━━━ THE DATA ━━━
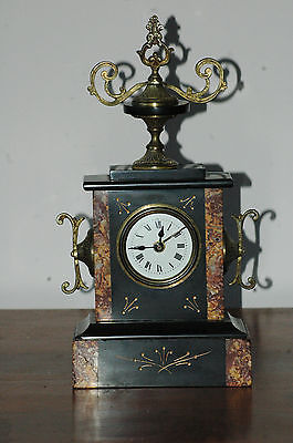 ANTIQUE FRENCH MARBLE & SLATE MANTLE CLOCK.
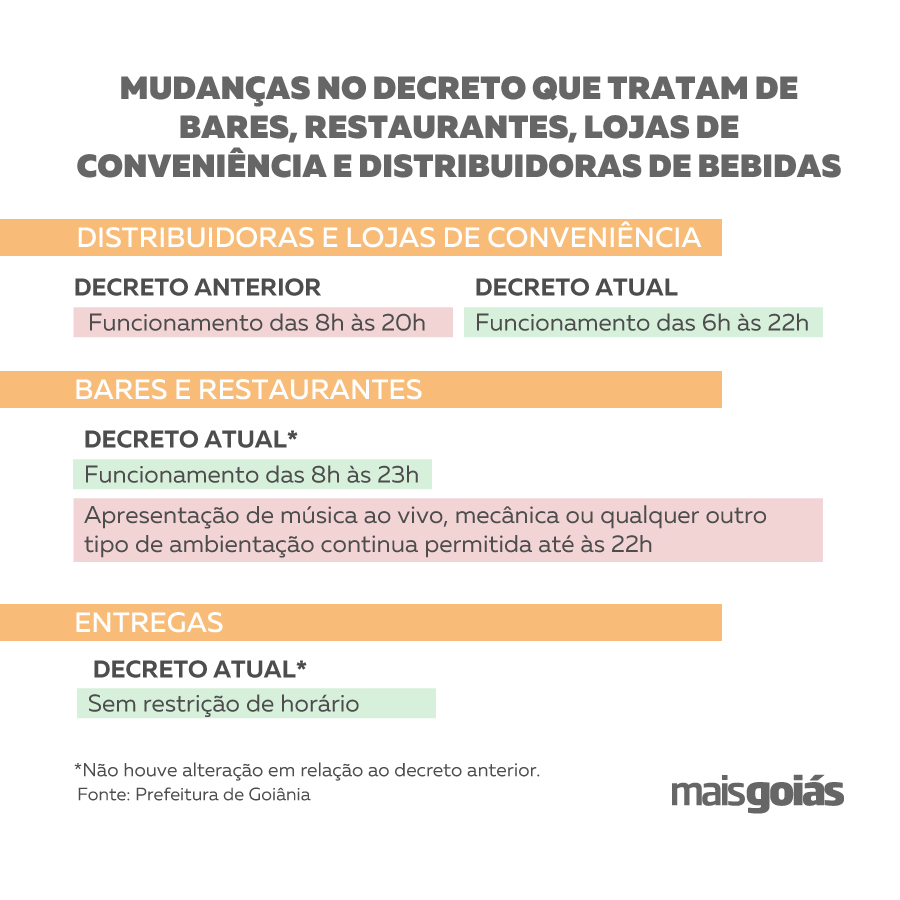 Um novo decreto publicado pela Prefeitura de Goiânia na noite de quinta-feira (4) autoriza a abertura de distribuidoras de bebidas e lojas de conveniência das 6h às 22h. Medida revoga determinação anterior, que permitia funcionamento de tais estabelecimentos entre 8h e 20h. Decisão foi tomada após insatisfação e manifestação da categoria. Novas regras começam a valer a partir desta sexta-feira (5).
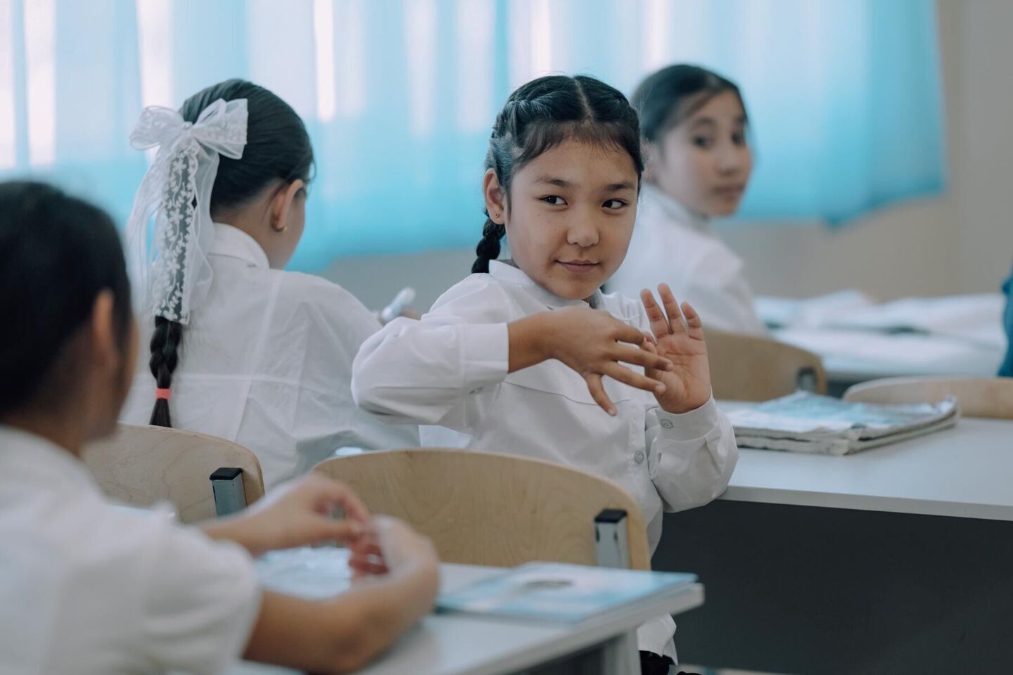 Өмірбек Жанқуатов, сондай-ақ, осы сыныптың жетекшісі. Оның оқушылары да өзі сияқты белсенді. Алдыңғы партада отырған Инабат пен Ақмарал камера алдында сәл ұялып, ағылшын тілі сабағын неге жақсы көретінін айтып берді:
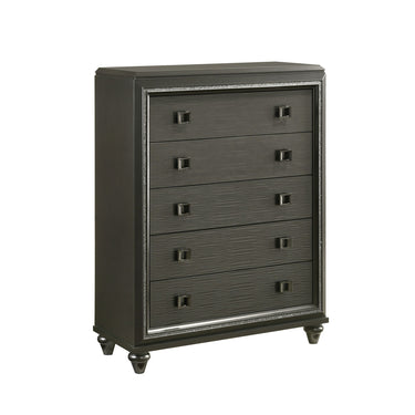 The Moonstone 5-Drawer Chest is going to look amazing in your bedroom! This chest comes with five, spacious drawers, allowing you to store away your belongings. The top drawer features a black, felt-lining making it easy to store away your more valuable items. The bottom drawer comes with a dust proofing layer to help further protect your belongings. Add this transitional piece to your home today for a look that will never go out of style!
━━━
WORK TO COMPLETE:
Print the data word for word and omit the pictures.

WRITTEN ANSWER:
 ANTIQUE FRENCH MARBLE & SLATE MANTLE CLOCK.
 Um novo decreto publicado pela Prefeitura de Goiânia na noite de quinta-feira (4) autoriza a abertura de distribuidoras de bebidas e lojas de conveniência das 6h às 22h. Medida revoga determinação anterior, que permitia funcionamento de tais estabelecimentos entre 8h e 20h. Decisão foi tomada após insatisfação e manifestação da categoria. Novas regras começam a valer a partir desta sexta-feira (5).
 Өмірбек Жанқуатов, сондай-ақ, осы сыныптың жетекшісі. Оның оқушылары да өзі сияқты белсенді. Алдыңғы партада отырған Инабат пен Ақмарал камера алдында сәл ұялып, ағылшын тілі сабағын неге жақсы көретінін айтып берді:
 The Moonstone 5-Drawer Chest is going to look amazing in your bedroom! This chest comes with five, spacious drawers, allowing you to store away your belongings. The top drawer features a black, felt-lining making it easy to store away your more valuable items. The bottom drawer comes with a dust proofing layer to help further protect your belongings. Add this transitional piece to your home today for a look that will never go out of style!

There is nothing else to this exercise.